Пока он тут отлеживался, парни из его эскадрильи били фашистов. Оттого и на душе было неспокойно.
Быков чувствовал себя так, словно увиливал от исполнения воинского долга.
Понимал, что все это ерунда, что всякий мог попасть под пулю, которая, как известно, дура, но понимал опять-таки умом…
Вечером его предположения подтвердились – главврач лично передал Григорию телеграмму из дивизии:
«Командование поздравляет полковника Сталина В.И. с высоким званием Героя Советского Союза. Желает ему доброго здоровья и новых успехов в боевой и политической подготовке. Ухов, Бабков».
На следующее утро – 24 июля – Быков, при полном параде, был усажен в «Дуглас-Дакоту» и отправлен в Москву.

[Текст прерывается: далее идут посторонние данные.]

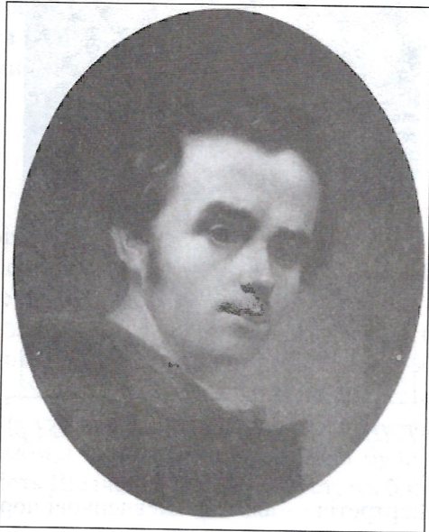
Т. Шевченко, автопортрет, 1840 р.

Будучи кріпаком, він був позбавлений права навчатись у мистецькій школі. Але завдяки своїм природним здібностям він привернув до себе увагу передових малярів українського та російського походження, які викупили його з кріпацької неволі. Це дало йому змогу вступити до Академії Мистецтв у Петербурзі. Шевченко планував заснувати у Києві мистецьку школу, але на перешкоді цьому став його арешт на 34-тому році життя. За час студій Шевченко був тричі нагороджений срібними нагородами. Згодом, недовго перед його смертю, Академія наділила його високим званням академіка гравіюри.

Места не в слишком комфортабельном салоне делили с ним несколько раненых танкистов, которых решено было отправить в столицу, а еще повсюду были свалены тюки с почтой.
Сел «Дуглас» на поле Центрального аэродрома имени Фрунзе, первом аэропорту Москвы.
В 20-х годах он был назван в честь Троцкого, а еще раньше его знали, как Ходынский аэродром.
На поле Быкова уже ждал черный «ЗИС» – церемония награждения должна была состояться сегодня же, а самолет еще и запоздал чуток, обходя тучи – болтанка для раненых могла бы стать последним, что они пережили.
Григорий распрощался с танкистами, молча пожал руку водителю «ЗИСа» и лощеному офицеру, приданному для сопровождения, после чего забрался на заднее сиденье, вместе со своей тростью.
Он так привык к ней, что ходить просто так, без палочки-выручалочки, было даже боязно.
Москва показалась Быкову чуть более оживленной, чем весной.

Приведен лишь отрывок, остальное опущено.